*Given information*:
____________
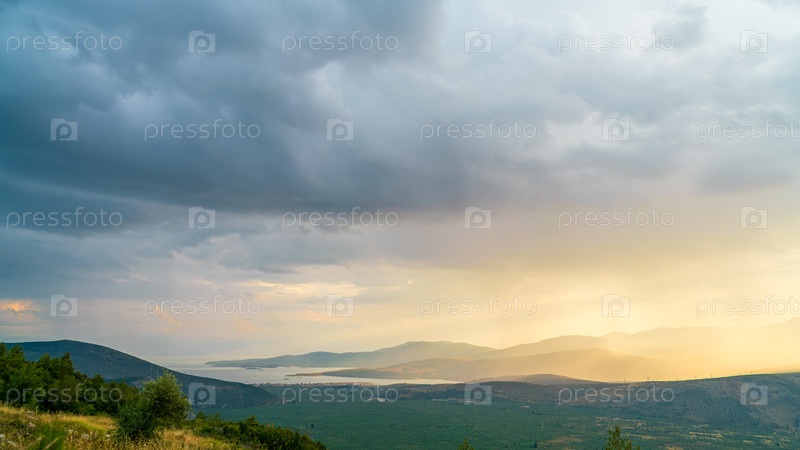 Дельфы, Греция.Облака дождя над долиной.Северное побережье Коринфского залива, бухта Итеи
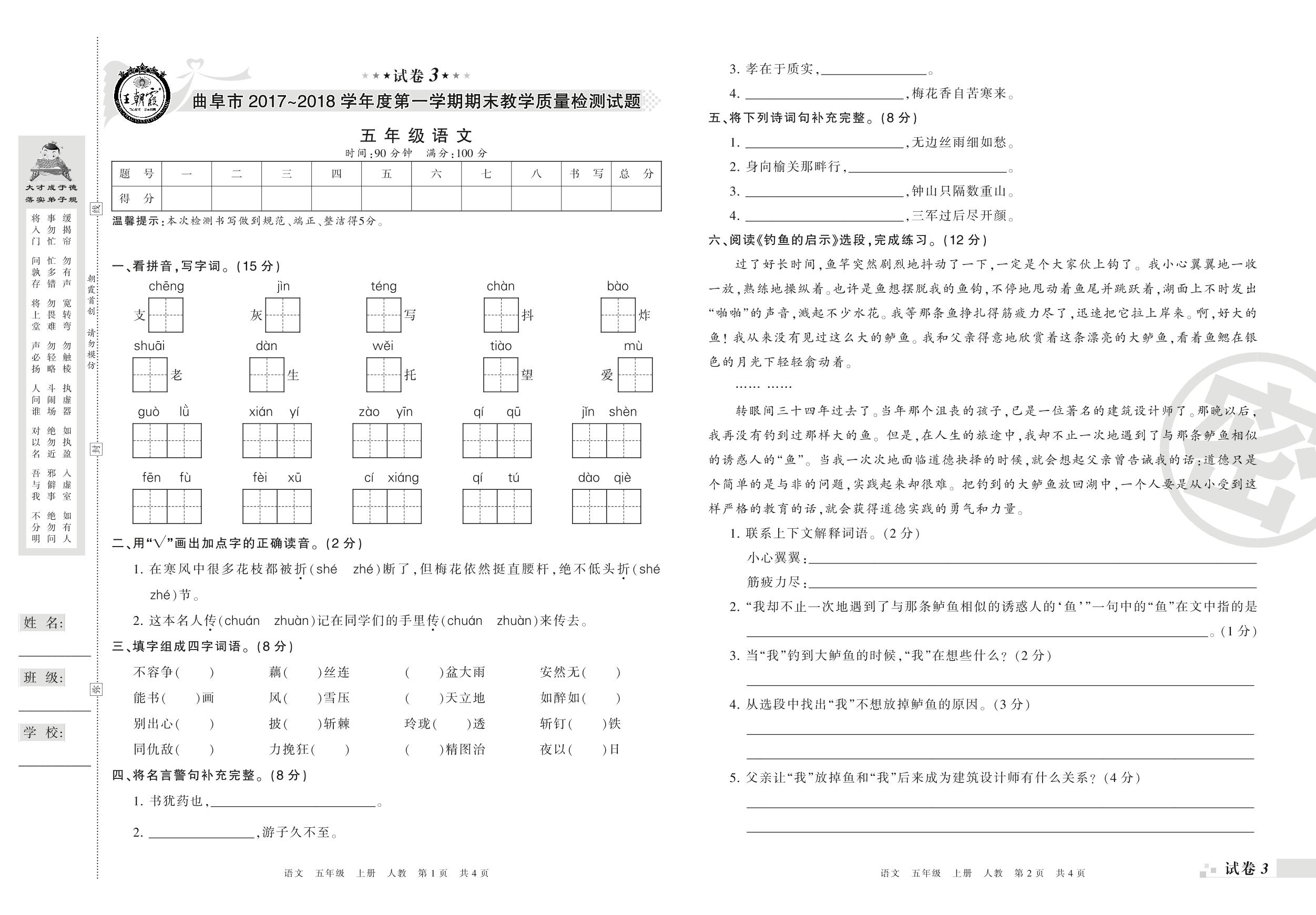 2017-2018学年第一学期曲阜市五年级语文试卷(人教版)【3】
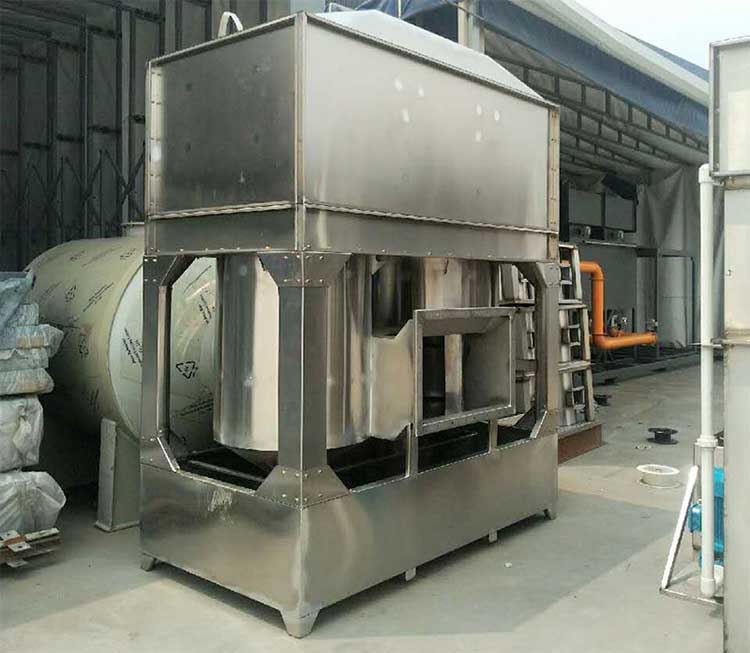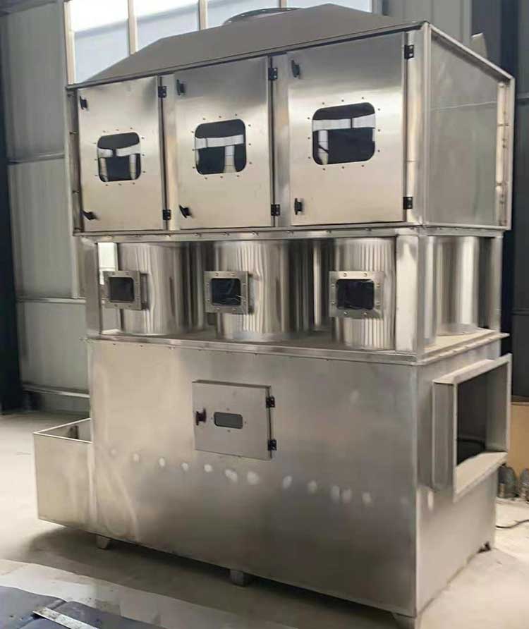 2、旋流板除塵塔內(nèi)安裝有多個“圓形旋流桶”和高效除霧板。旋流桶內(nèi)放有實心填料球,用來凈化粉塵或粘性廢氣,***上層的除霧板用來凈化水霧,達(dá)到去除水霧的目的,經(jīng)引風(fēng)機引入的廢氣在塔內(nèi)旋流上升、并在各板上與由塔頂進入的液體旋流接觸,完成除塵、脫硫任務(wù)。旋流板塔在離心力的作用下,煙氣中的顆粒物沉入水池, ***后由人工撈出清理,同時塔內(nèi)的水可以繼續(xù)循環(huán)使用,不會造成污染。經(jīng)過凈化的廢氣,再經(jīng)過后繼凈化設(shè)備處理,使之達(dá)到國家排放標(biāo)準(zhǔn)。
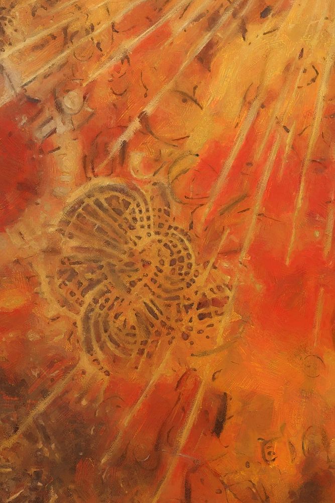 Dit werk toont een stralende zon die haar licht over een abstract landschap van warme, goudgele en roodoranje tinten werpt. De zonnestralen stralen vanuit het middelpunt naar alle kanten en creëren een gevoel van warmte en energie. De ondergrond heeft gedetailleerde patronen die doen denken aan bloemen en planten, waardoor een harmonieus geheel ontstaat. Dit werk brengt een vleugje zonneschijn en vreugde in elke ruimte en is perfect voor zowel moderne als klassieke interieurs.
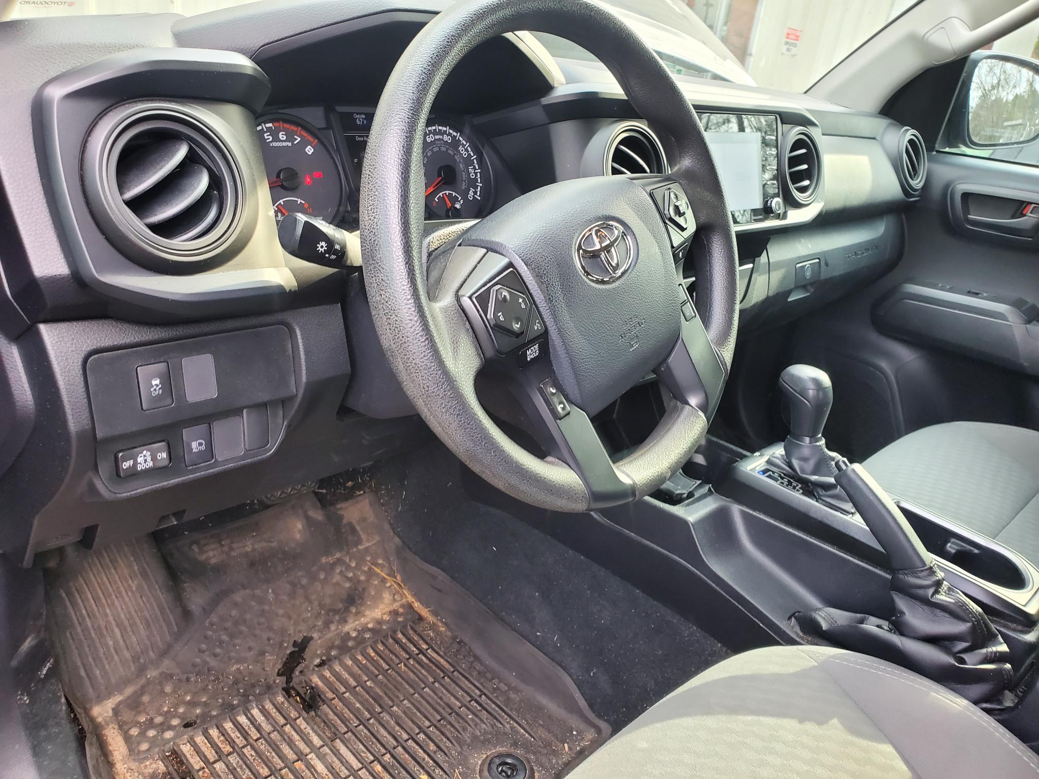 The exterior of this Tacoma is as rugged as it is stylish, featuring a body-colored front bumper with 1 tow hook and black side windows trim for a modern look. The interior is just as impressive, with comfortable front bucket seats and a 60-40 folding split-bench rear seat for added versatility. Stay connected on the go with wireless phone connectivity and Wi-Fi Connect, allowing you to stream your favorite music and stay in touch with friends and family.
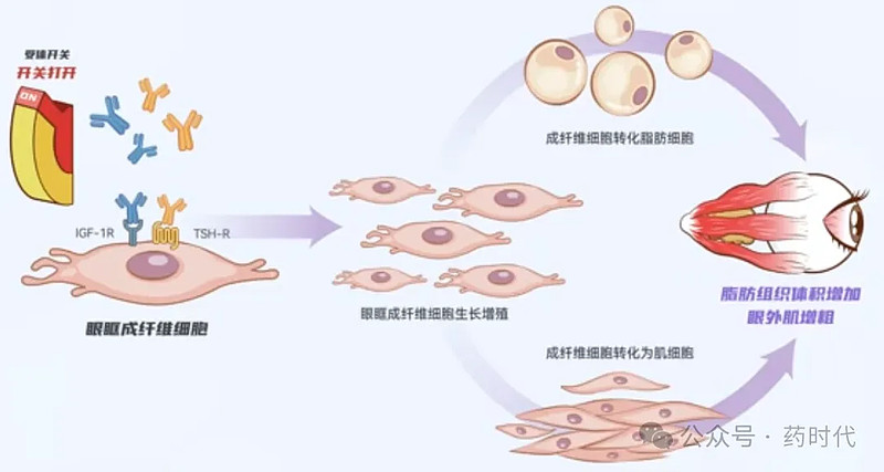 IGF-1R并非是一个“无效”靶点,只是开启的方式不对。2003年,密歇根大学研究人员Terry Smith发现甲状腺眼病(TED)患者的眼眶成纤维细胞IGF-1R表达水平升高。五年后,该团队进一步发现IGF-1R与促甲状腺素受体(TSHR)表达在相同位置,形成功能复合物。
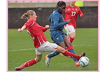 Et bah, pour un bon début, c'est un bon début ! La France a joué aujourd'hui son premier match du tournoi de Chypre contre la Suisse...et l'a remporté haut la main 3 à 0. Bon, comme je n'ai pas suivi le match, je vais me contenter de vous redire ce qu'il y a écrit là et là : les buts sont signés Délie (5'), Thiney (17')(qui avait le brassard de capitaine !) et Bompastor (38') sur pénalty. Ce fut aussi l'occasion d'une première sélection pour Marina Makanza, qui, dixit Footoféminin, s'est "faite remarquer".
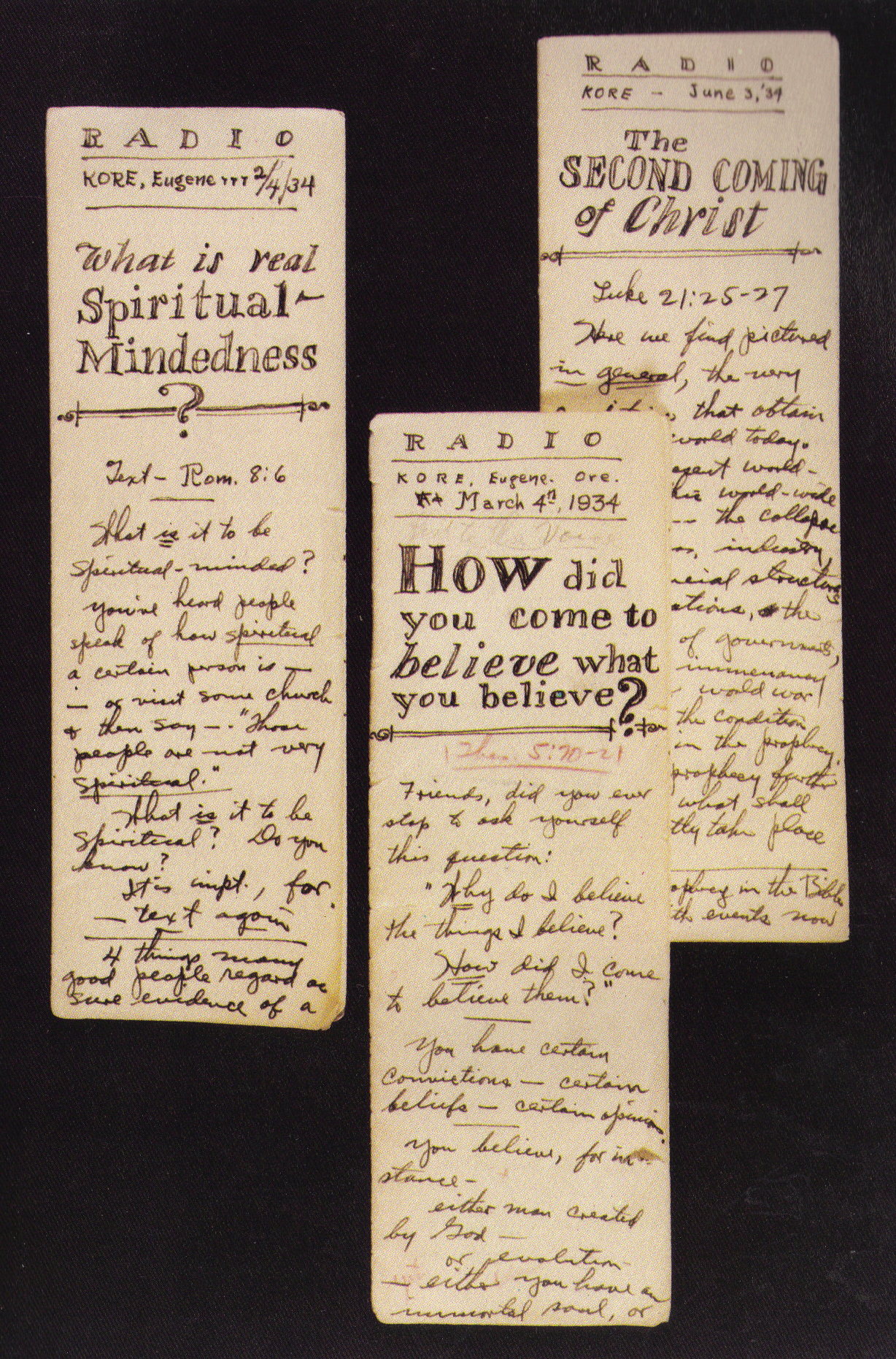 At this time I put the program on KORE, broadcast simultaneously by wire hook-up over KQLM, Salem, at 10 each Sunday morning. Then came the 123-mile drive to Portland for the 4:00 p.m. broadcast.
____________
*What the exercise asks*:
Each line from the top of the records through the one containing "2、旋流板除塵塔內(nèi)" needs to be transcribed exactly, without pictures.

*Response to the exercise*:
 Дельфы, Греция.Облака дождя над долиной.Северное побережье Коринфского залива, бухта Итеи
 2017-2018学年第一学期曲阜市五年级语文试卷(人教版)【3】
 2、旋流板除塵塔內(nèi)安裝有多個“圓形旋流桶”和高效除霧板。旋流桶內(nèi)放有實心填料球,用來凈化粉塵或粘性廢氣,***上層的除霧板用來凈化水霧,達(dá)到去除水霧的目的,經(jīng)引風(fēng)機引入的廢氣在塔內(nèi)旋流上升、并在各板上與由塔頂進入的液體旋流接觸,完成除塵、脫硫任務(wù)。旋流板塔在離心力的作用下,煙氣中的顆粒物沉入水池, ***后由人工撈出清理,同時塔內(nèi)的水可以繼續(xù)循環(huán)使用,不會造成污染。經(jīng)過凈化的廢氣,再經(jīng)過后繼凈化設(shè)備處理,使之達(dá)到國家排放標(biāo)準(zhǔn)。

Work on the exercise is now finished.